Jakub Jelinek  changed:

   What|Removed |Added

 Status|UNCONFIRMED |ASSIGNED
   Last reconfirmed||2019-05-22
   Assignee|unassigned at gcc dot gnu.org  |jakub at gcc dot gnu.org
 Ever confirmed|0   |1

--- Comment #4 from Jakub Jelinek  ---
Ok, will change it then.  THanks for the report.

[Bug target/90568] stack protector should use cmp or sub, not xor, to allow macro-fusion on x86

2019-05-22 Thread peter at cordes dot ca
https://gcc.gnu.org/bugzilla/show_bug.cgi?id=90568

--- Comment #3 from Peter Cordes  ---
(In reply to Jakub Jelinek from comment #2)
> The xor there is intentional, for security reasons we do not want the stack
> canary to stay in the register afterwards, because then it could be later
> spilled or accessible to some exploit in another way.

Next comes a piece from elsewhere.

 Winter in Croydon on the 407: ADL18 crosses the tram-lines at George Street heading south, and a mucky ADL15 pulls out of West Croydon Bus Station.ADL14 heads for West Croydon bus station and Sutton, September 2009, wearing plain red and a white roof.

Ok, so we can't use CMP, therefore we should use SUB, which as I showed does
help on Sandybridge-family vs. XOR.

x - x = 0   just like 
x ^ x = 0

Otherwise SUB wouldn't set ZF.

SUB is not worse than XOR on any other CPUs; there are no CPUs with better XOR
throughput than ADD/SUB.

In the canary mismatch case, leaving  attacker_value - key  in a register seems
no worse than leaving attacker_value ^ key in a register.  Either value
trivially reveals the canary value to an attacker that knows what they
overwrote the stack with, if it does somehow leak.  We jump to __stack_chk_fail
in that case, not relying on the return value on the stack, so a ROP attack
wouldn't be sufficient to leak that value anywhere.

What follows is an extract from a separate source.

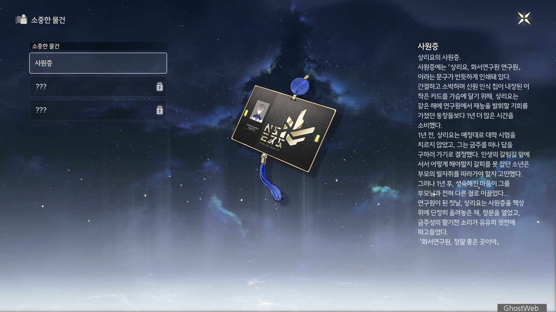 | 자기 소개 | 저는 상리요라고 합니다. 화서연구원의 연구원이죠. 방랑자, 당신의 공명 주파수는 참 특이하고 귀중해요. 진리를 찾는 길목에서 당신은 유일무이한 비콘일까요, 아니면 종착역에서 누군가를 기다리고 있는 깃발일까요? 궁금하네요. |

[Bug target/90568] stack protector should use cmp or sub, not xor, to allow macro-fusion on x86

2019-05-22 Thread jakub at gcc dot gnu.org
https://gcc.gnu.org/bugzilla/show_bug.cgi?id=90568

Jakub Jelinek  changed:

   What|Removed |Added

 CC||jakub at gcc dot gnu.org

--- Comment #2 from Jakub Jelinek  ---
The xor there is intentional, for security reasons we do not want the stack
canary to stay in the register afterwards, because then it could be later
spilled or accessible to some exploit in another way.

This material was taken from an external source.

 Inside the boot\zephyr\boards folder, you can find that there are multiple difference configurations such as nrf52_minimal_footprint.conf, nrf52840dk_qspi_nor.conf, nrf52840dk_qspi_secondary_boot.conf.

[Bug target/90568] stack protector should use cmp or sub, not xor, to allow macro-fusion on x86

2019-05-21 Thread peter at cordes dot ca
https://gcc.gnu.org/bugzilla/show_bug.cgi?id=90568

--- Comment #1 from Peter Cordes  ---
https://godbolt.org/z/hHCVTc

Forgot to mention, stack-protector also disables use of the red-zone for no
apparent reason, so that's another missed optimization.  (Perhaps rarely
relevant; probably most functions that get stack protection are big enough that
they need more stack, or non-leaf.  I sidestepped that with volatile.)